Par deux fois au moins dans le livre, la voix de JB Pontalis s’entend de très près. Quand, au bord du gouffre, Autréaux demande de l’aide à Max et que ce dernier lui donne le numéro de téléphone d’un psychanalyste : « J’ai peur de mourir, avais-je dit. Son visage avait changé. J’avais parlé tout bas. Il était très attentif et je savais à sa manière de regarder qu’il comprenait, qu’il comprenait vraiment. Il me donna un petit coup amical sur l’épaule, et souffla : mais non, voyons. Puis me caressa la tête. Je respirai profondément, tâchai de cesser de pleurer. J’ai besoin d’être aidé, dis-je. » Quand, plus tard, en une scène presque inverse, Max, sachant qu’il va mourir, lui dit tout bas : « ‟Je prends le relais” Quand je le quittai, cette parole s’était creusée d’un sens très profond. Il me semblait entendre dans ces mots : à toi la vie, à moi la maladie, la mort. » La voix est soudainement devenue un geste, le plus beau des gestes : une voix qui se voit.

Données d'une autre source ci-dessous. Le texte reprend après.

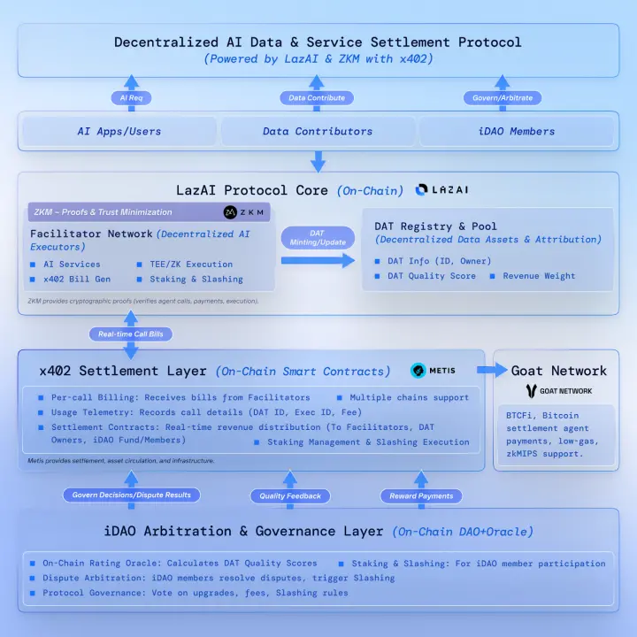 当一项 AI 服务被调用时,相关的 DAT 会触发 GMPayer 的 x402 结算层智能合约,自动执行按次调用、实时分账。这使得数据贡献者、模型开发者等所有价值创造者都能精确、即时地获得回报,从协议层面建立了可信的贡献回报体系。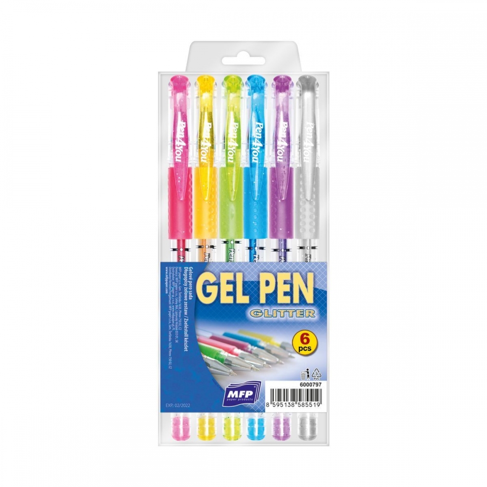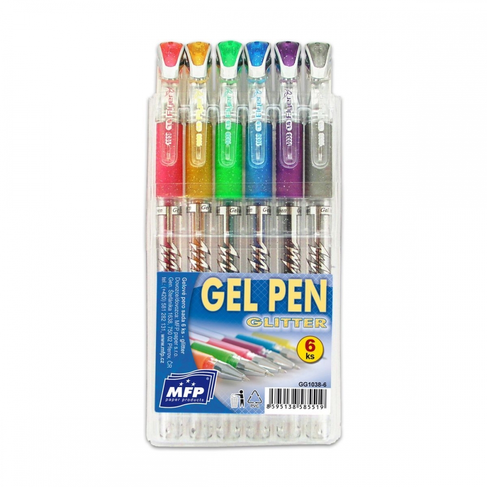 Sada 6 ks gelových per s odstíny barev pro třpytivé písmo.

Sait-on jamais ce que l’écriture réserve aux écrivains ? Ce sont parfois des livres qui se répètent, comme un thème musical obsédant ; d’autres fois, les amarres de l’imaginaire rompues, un départ nouveau, un élan vers l’inconnu : le roman ; ou bien, pourquoi pas, un style qui s’aiguise, une forme qui naît d’une autre, que l’on avait sentie, presque entrevue. C’est ce mouvement incessant de l’écriture vers l’écriture que visite Autréaux dans La voix écrite, une manière de se laisser porter par ce qui est autre et pourtant nous, en nous. Cela pourrait s’appeler le tréfonds de l’enfance. Un quelque part avant les mots. Ce quelque part qu’Autréaux partage avec Max le temps d’un livre, d’une vie dans un livre. Comme un commencement sans cesse recommencé. La couleur indistincte de la littérature. Sa voix profonde et insondable.